**WORK INSTRUCTIONS**
Range to repeat from the listing below: the line containing "屆時將出售印有「Hololi" down to the line containing "Das Akkordeon bietet", both included. Copy it exactly, pictures excluded, and add nothing else.

**GIVEN RECORDS**
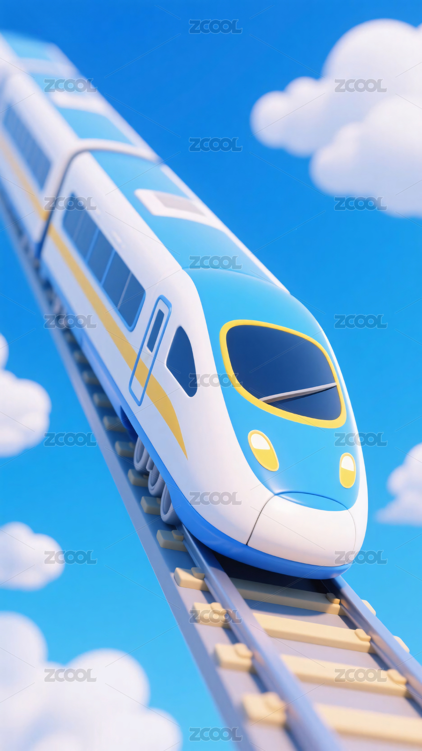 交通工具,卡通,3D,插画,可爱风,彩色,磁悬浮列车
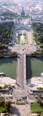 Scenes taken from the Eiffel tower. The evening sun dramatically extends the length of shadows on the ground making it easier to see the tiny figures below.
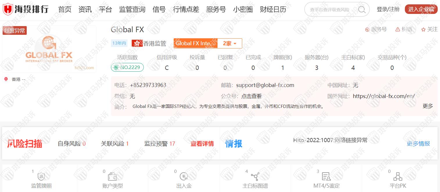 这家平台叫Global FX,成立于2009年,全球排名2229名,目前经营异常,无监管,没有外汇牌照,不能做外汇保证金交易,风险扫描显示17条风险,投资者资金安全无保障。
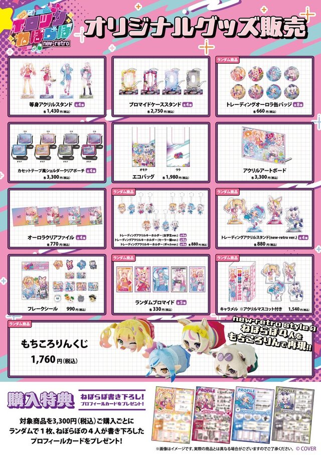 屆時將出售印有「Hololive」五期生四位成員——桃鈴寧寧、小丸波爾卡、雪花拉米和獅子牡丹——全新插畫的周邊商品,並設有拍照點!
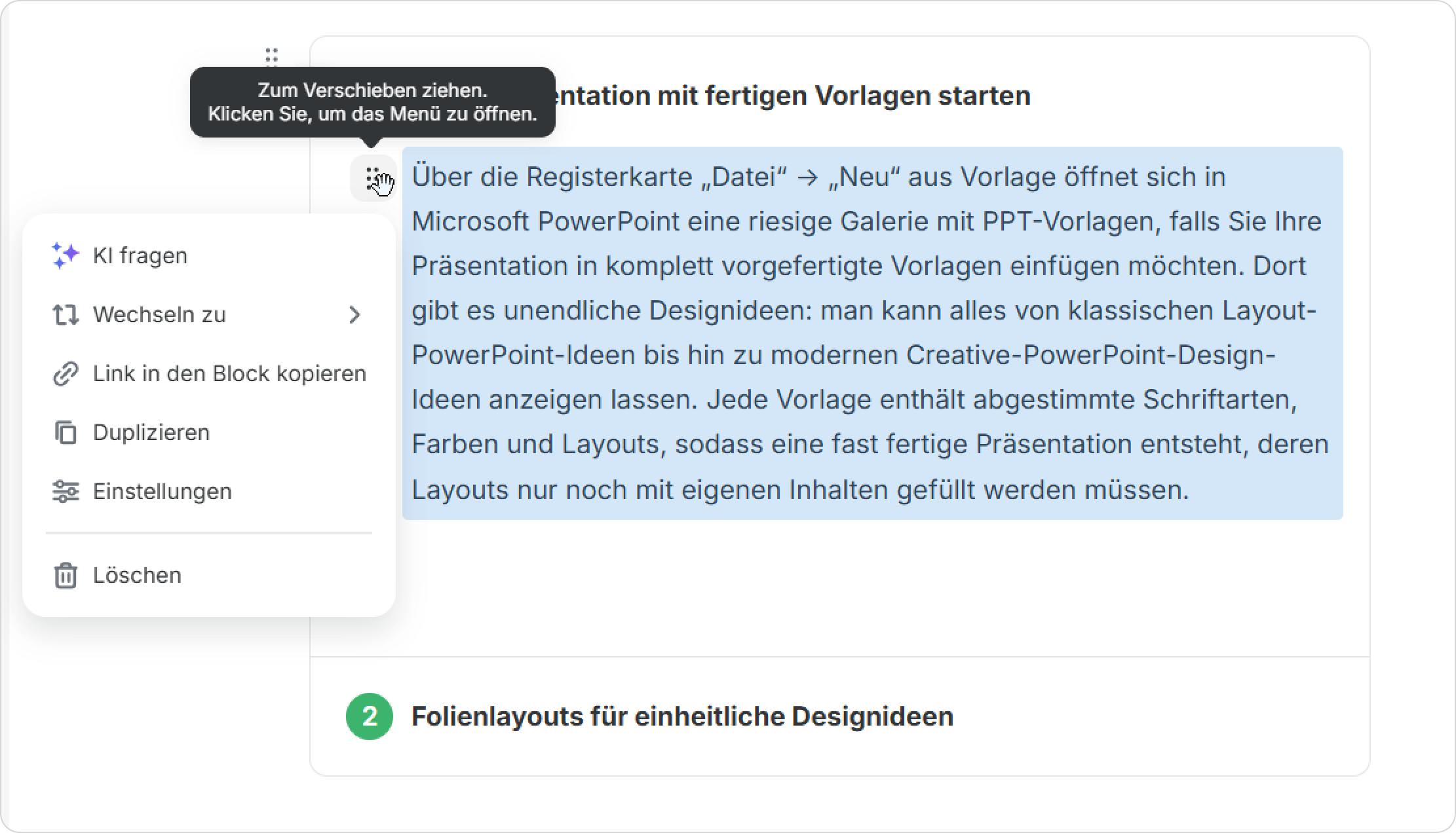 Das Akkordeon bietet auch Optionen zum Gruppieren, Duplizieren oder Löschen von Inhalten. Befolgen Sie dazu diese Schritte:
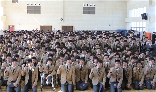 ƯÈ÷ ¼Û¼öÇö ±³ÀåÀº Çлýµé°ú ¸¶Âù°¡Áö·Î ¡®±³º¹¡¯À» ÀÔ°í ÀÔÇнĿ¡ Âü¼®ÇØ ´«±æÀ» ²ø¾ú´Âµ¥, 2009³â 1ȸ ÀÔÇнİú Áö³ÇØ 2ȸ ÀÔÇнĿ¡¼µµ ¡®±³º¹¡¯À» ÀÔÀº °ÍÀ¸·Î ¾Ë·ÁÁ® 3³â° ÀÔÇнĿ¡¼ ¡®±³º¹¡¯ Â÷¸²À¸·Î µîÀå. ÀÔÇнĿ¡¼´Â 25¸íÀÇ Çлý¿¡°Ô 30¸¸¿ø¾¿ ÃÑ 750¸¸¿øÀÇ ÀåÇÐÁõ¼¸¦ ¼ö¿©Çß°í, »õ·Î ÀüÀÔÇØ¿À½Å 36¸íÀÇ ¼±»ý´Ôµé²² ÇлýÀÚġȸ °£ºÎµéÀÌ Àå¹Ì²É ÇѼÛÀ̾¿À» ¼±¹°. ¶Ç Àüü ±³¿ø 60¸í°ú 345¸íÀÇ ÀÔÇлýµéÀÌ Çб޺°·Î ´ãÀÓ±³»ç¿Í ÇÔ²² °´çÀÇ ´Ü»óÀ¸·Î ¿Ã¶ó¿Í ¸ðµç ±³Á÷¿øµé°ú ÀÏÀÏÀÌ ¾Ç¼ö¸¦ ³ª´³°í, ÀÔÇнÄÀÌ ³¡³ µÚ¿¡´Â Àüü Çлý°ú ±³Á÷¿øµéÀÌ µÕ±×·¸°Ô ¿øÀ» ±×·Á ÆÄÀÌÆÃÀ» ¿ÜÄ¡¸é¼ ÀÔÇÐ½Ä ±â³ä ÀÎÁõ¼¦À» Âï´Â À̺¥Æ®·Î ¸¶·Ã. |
==
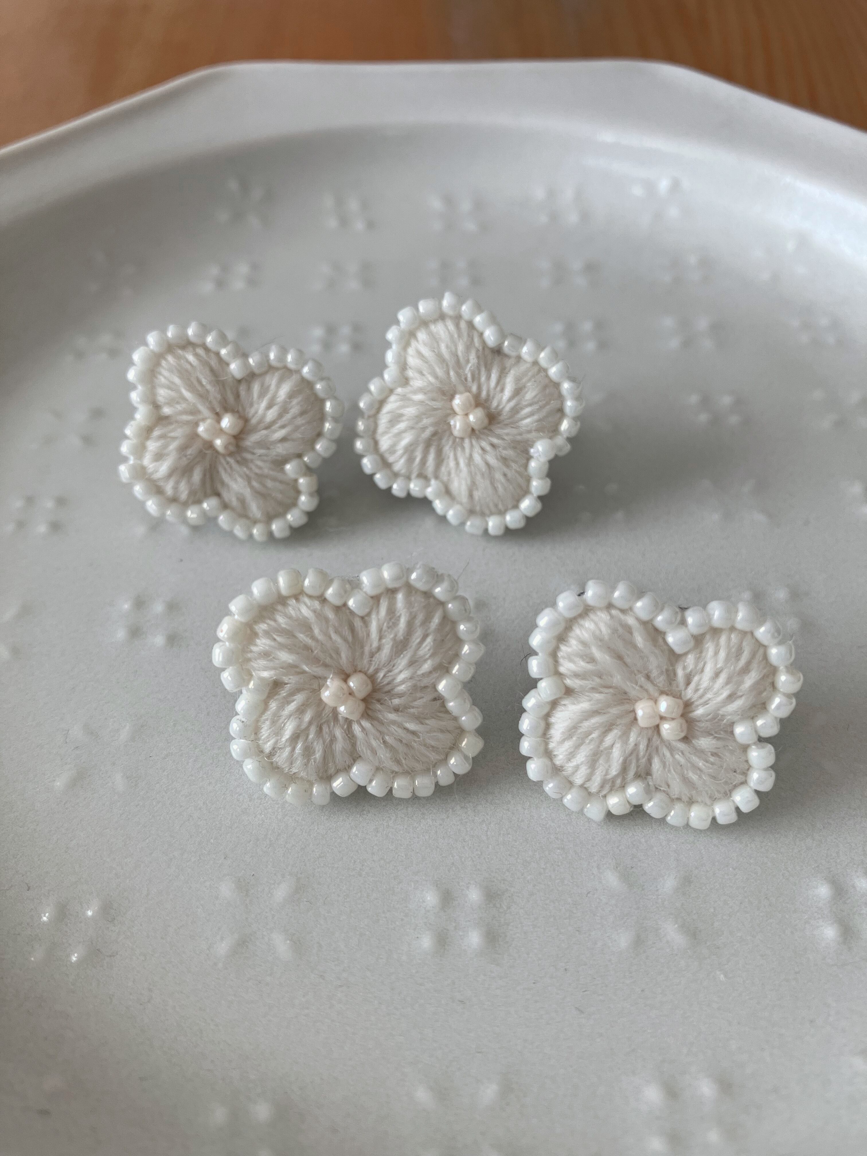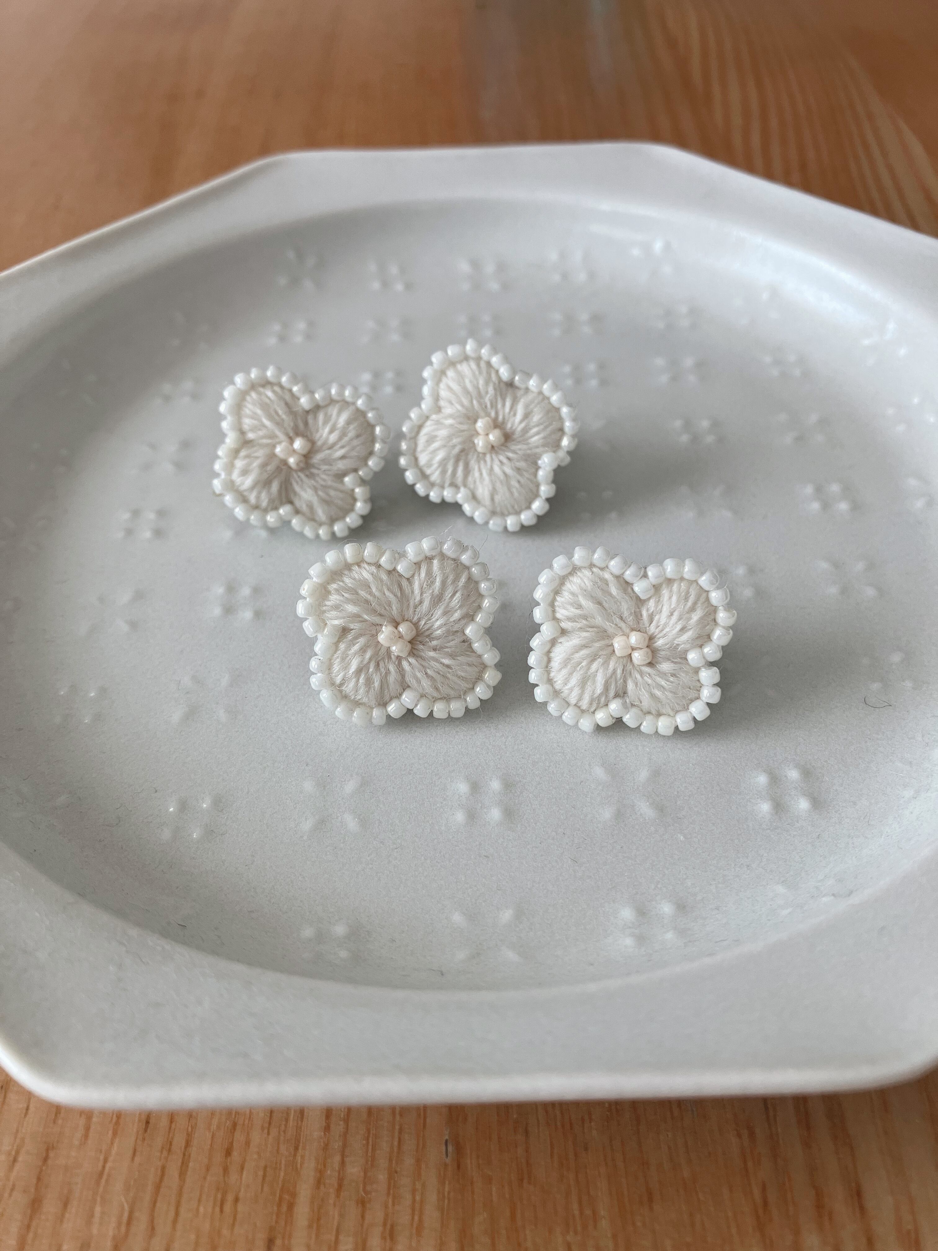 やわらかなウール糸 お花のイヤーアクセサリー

**ANSWER**
 屆時將出售印有「Hololive」五期生四位成員——桃鈴寧寧、小丸波爾卡、雪花拉米和獅子牡丹——全新插畫的周邊商品,並設有拍照點!
 Das Akkordeon bietet auch Optionen zum Gruppieren, Duplizieren oder Löschen von Inhalten. Befolgen Sie dazu diese Schritte:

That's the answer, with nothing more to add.